Postby A. Nony Mouse » Sun Dec 08, 2013 2:51 pm

Seoulless wrote:That was something I considered as well. Just didn't want to pile the query with all the possible counters. When I said a local HYS attorney, I meant someone from the community who went there. Obviously, the advantage of any given local is valid as well.

Oh, I get it. I think with fairly small towns the school you attend is much less important than your connection to the area. So, if you decide after graduation to up and move from LA to Boise/Cheyenne, going to USC (or HYS) is not in itself going to make it easier to get a job. If you target Boise/Cheyenne from the start of law school, get summer jobs in those regions and network during those summers, you might have a shot (though if you have no connection to the region getting those summer jobs will require having a really good reason why you want to go there).
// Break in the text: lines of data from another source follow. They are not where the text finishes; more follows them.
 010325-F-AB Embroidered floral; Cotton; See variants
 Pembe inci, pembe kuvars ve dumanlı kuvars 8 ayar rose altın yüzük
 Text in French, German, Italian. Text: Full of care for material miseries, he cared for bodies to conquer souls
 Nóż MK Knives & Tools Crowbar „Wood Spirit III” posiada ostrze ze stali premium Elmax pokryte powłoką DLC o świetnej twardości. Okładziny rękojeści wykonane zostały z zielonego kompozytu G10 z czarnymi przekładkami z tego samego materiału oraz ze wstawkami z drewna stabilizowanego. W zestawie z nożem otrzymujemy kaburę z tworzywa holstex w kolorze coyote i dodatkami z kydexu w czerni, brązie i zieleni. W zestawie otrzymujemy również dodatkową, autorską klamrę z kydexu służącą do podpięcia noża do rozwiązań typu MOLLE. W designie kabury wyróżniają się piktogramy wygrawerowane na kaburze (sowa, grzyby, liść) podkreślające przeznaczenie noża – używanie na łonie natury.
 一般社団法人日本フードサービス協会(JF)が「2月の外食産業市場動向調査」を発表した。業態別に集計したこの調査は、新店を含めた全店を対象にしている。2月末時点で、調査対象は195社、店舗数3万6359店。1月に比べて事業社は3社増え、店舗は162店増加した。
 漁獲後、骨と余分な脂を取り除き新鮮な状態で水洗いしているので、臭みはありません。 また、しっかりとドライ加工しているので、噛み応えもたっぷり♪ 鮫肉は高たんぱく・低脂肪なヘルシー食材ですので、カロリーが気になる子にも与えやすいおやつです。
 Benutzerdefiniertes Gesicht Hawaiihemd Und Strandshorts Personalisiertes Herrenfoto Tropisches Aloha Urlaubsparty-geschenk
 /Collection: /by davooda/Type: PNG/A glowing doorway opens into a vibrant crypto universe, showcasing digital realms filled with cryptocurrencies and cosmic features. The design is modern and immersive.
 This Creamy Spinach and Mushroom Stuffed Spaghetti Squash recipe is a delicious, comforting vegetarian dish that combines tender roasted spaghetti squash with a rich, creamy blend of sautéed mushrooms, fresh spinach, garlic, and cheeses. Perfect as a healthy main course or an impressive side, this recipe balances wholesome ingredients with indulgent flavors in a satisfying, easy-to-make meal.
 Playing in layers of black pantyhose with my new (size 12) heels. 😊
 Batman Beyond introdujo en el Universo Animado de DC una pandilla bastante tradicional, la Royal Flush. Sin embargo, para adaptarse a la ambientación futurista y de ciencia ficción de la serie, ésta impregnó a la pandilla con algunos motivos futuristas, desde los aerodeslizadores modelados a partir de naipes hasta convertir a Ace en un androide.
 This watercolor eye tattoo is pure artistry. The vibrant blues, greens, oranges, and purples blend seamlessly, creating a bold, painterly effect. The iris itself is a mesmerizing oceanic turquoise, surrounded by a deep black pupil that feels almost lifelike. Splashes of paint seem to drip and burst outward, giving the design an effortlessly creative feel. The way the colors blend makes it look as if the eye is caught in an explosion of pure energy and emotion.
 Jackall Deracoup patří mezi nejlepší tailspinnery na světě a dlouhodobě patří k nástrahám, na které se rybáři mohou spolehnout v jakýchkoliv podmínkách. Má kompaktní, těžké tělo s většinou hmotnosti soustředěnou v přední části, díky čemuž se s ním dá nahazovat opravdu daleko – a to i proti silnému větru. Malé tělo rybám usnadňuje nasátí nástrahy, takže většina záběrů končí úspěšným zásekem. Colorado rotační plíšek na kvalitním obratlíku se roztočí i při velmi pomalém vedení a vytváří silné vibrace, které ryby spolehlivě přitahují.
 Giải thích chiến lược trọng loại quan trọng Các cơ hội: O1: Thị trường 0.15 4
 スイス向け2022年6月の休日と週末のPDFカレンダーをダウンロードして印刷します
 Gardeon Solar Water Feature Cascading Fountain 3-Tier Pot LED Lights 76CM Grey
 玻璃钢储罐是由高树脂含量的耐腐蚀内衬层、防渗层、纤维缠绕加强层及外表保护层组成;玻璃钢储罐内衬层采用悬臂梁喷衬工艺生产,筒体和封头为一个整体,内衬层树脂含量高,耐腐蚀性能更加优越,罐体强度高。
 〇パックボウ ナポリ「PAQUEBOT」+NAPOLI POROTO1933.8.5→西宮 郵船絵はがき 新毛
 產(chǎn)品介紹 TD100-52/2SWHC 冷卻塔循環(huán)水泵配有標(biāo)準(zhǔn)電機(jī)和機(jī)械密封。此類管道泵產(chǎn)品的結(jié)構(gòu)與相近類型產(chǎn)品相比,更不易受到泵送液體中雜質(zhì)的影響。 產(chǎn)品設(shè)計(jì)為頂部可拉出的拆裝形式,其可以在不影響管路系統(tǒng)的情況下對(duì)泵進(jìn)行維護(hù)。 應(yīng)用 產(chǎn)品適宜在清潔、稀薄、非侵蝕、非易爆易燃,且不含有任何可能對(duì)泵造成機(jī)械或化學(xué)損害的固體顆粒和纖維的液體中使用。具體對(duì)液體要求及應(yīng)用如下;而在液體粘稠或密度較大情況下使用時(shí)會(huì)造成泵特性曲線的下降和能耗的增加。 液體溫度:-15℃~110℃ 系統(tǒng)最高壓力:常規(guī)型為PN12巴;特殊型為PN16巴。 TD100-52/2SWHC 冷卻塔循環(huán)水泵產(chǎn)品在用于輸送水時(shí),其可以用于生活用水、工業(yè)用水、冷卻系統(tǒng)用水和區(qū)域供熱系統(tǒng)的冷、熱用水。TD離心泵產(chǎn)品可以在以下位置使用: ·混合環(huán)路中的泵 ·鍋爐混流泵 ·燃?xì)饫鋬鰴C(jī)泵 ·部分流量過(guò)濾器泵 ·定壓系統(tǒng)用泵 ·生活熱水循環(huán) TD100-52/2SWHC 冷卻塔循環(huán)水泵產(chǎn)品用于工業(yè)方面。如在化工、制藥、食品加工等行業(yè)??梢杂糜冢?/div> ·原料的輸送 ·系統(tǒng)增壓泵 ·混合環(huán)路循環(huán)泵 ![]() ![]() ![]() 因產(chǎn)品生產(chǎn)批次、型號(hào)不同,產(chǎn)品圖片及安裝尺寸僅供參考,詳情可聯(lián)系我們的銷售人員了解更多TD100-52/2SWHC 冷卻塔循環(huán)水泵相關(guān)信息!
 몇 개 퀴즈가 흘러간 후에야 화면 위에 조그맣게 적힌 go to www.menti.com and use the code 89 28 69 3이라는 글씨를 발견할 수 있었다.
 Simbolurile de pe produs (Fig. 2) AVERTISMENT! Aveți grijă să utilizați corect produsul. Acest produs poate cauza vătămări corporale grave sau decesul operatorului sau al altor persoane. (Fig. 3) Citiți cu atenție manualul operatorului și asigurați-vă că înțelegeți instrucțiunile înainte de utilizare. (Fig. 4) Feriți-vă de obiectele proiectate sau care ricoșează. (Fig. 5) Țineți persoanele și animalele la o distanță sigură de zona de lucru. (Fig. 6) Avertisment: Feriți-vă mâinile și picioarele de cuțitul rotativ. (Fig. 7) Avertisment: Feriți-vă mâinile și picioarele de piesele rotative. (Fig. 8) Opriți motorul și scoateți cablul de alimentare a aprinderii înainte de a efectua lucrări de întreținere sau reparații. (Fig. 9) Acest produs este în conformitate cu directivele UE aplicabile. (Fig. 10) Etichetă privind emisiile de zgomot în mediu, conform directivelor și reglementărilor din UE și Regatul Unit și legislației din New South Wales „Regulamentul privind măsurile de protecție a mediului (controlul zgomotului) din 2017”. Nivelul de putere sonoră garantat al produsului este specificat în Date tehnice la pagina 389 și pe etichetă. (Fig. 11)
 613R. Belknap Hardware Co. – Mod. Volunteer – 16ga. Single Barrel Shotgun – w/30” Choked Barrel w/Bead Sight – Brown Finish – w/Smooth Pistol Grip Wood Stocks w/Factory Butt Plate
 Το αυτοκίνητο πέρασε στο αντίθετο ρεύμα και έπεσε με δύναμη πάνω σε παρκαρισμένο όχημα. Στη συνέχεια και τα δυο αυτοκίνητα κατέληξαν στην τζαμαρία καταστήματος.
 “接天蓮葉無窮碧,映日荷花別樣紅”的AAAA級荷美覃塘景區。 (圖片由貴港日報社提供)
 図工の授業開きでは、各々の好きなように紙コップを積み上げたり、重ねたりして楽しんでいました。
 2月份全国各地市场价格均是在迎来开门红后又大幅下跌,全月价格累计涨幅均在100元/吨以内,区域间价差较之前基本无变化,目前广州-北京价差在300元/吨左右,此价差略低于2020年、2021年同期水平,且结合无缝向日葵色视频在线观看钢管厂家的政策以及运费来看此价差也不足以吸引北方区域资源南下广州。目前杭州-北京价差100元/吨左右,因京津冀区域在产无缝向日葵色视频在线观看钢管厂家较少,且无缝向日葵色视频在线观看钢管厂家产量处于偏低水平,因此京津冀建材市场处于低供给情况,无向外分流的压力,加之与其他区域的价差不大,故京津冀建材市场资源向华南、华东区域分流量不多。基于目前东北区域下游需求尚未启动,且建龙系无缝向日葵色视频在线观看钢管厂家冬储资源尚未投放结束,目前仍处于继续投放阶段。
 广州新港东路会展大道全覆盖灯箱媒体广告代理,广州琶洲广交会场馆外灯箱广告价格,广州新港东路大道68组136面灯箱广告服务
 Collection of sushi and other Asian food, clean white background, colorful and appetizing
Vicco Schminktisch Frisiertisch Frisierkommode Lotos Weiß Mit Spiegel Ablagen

However, having gone to USC or to HYS is not what's going to help you (the only exception might be if there's some unusually strong alumni connection to the area, like a local firm filled with USC grads for some reason). The 2-3 biglaw firms might care about school name, but chances are good that even those firms (and local government) will be filled with local school grads who will favor their own schools, plus a smattering of locals who went away to fancy schools and came back.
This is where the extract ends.